* [Task details]:
What you return must be the data below, word for word, without any images.

[Exercise data]

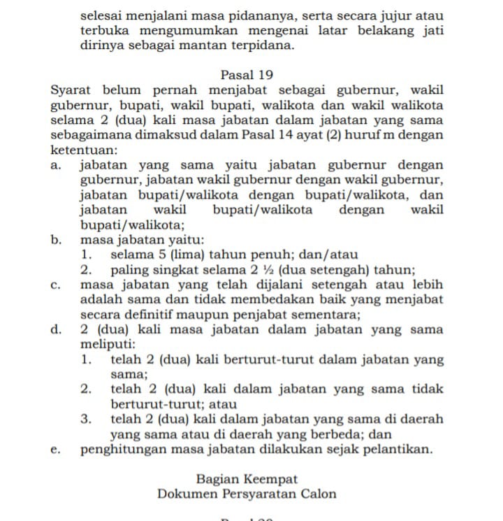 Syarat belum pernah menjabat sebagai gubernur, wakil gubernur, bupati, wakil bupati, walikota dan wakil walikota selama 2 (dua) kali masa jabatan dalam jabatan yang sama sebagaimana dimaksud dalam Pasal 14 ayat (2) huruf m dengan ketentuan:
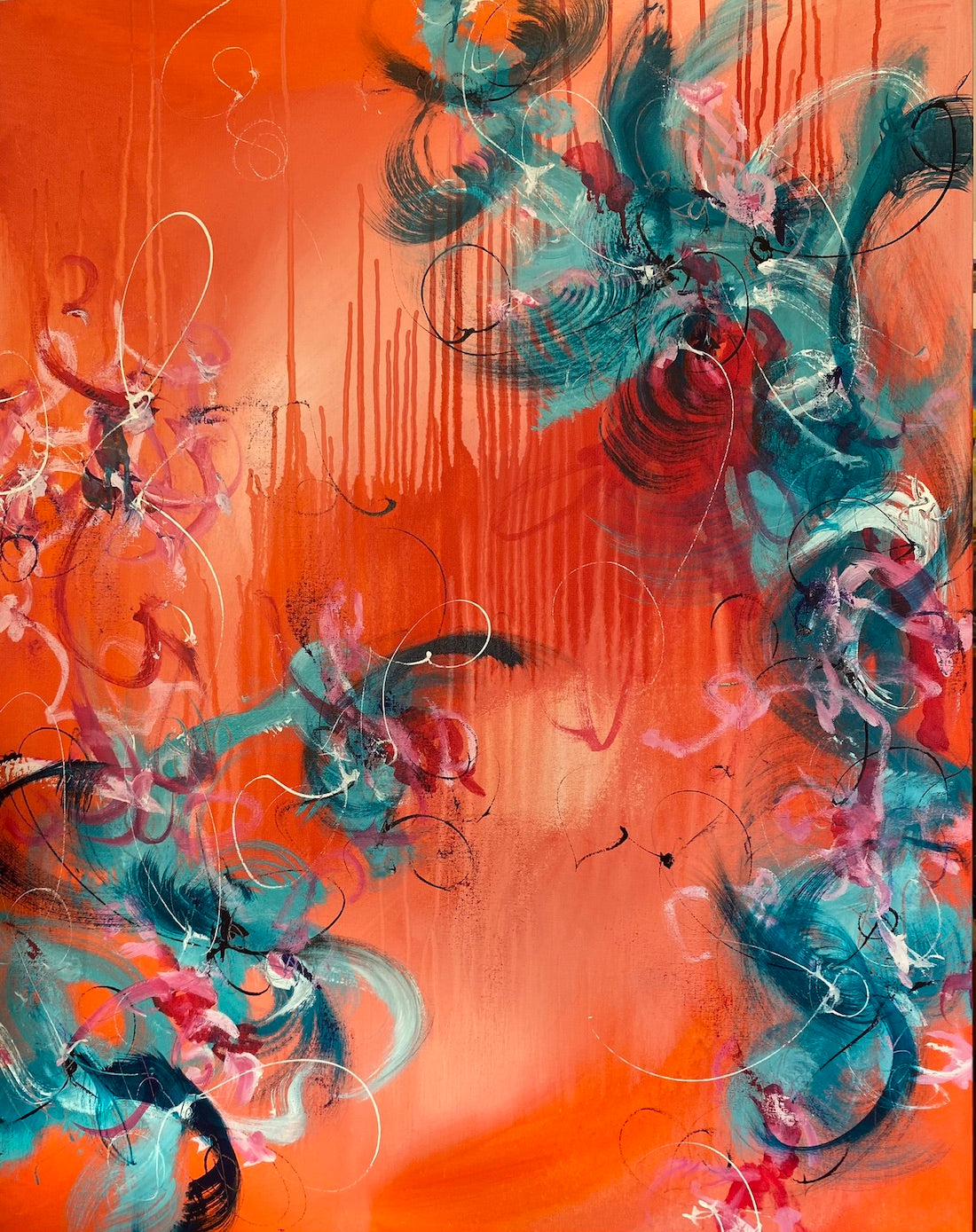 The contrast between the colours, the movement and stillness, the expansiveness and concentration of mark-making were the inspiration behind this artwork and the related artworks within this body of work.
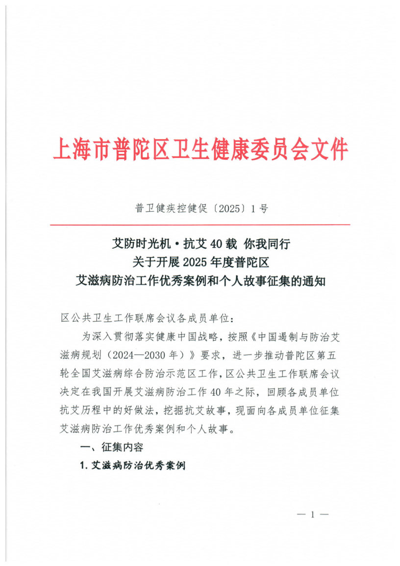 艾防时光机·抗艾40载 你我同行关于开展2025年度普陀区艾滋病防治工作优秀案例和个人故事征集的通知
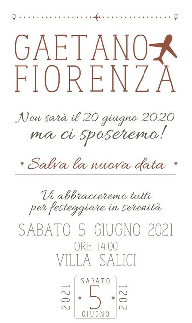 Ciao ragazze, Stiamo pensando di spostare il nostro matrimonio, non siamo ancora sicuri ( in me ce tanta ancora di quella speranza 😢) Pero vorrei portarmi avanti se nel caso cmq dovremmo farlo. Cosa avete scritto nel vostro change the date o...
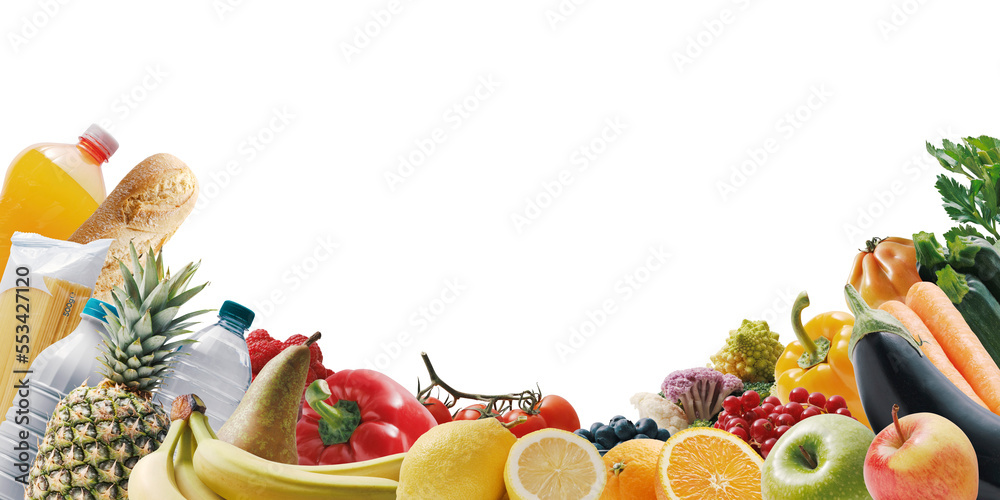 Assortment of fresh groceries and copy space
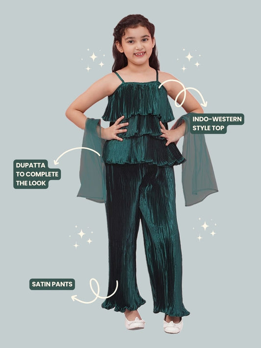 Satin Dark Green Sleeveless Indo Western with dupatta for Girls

[/Exercise data]

* [Task response]:
 Syarat belum pernah menjabat sebagai gubernur, wakil gubernur, bupati, wakil bupati, walikota dan wakil walikota selama 2 (dua) kali masa jabatan dalam jabatan yang sama sebagaimana dimaksud dalam Pasal 14 ayat (2) huruf m dengan ketentuan:
 The contrast between the colours, the movement and stillness, the expansiveness and concentration of mark-making were the inspiration behind this artwork and the related artworks within this body of work.
 艾防时光机·抗艾40载 你我同行关于开展2025年度普陀区艾滋病防治工作优秀案例和个人故事征集的通知
 Ciao ragazze, Stiamo pensando di spostare il nostro matrimonio, non siamo ancora sicuri ( in me ce tanta ancora di quella speranza 😢) Pero vorrei portarmi avanti se nel caso cmq dovremmo farlo. Cosa avete scritto nel vostro change the date o...
 Assortment of fresh groceries and copy space
 Satin Dark Green Sleeveless Indo Western with dupatta for Girls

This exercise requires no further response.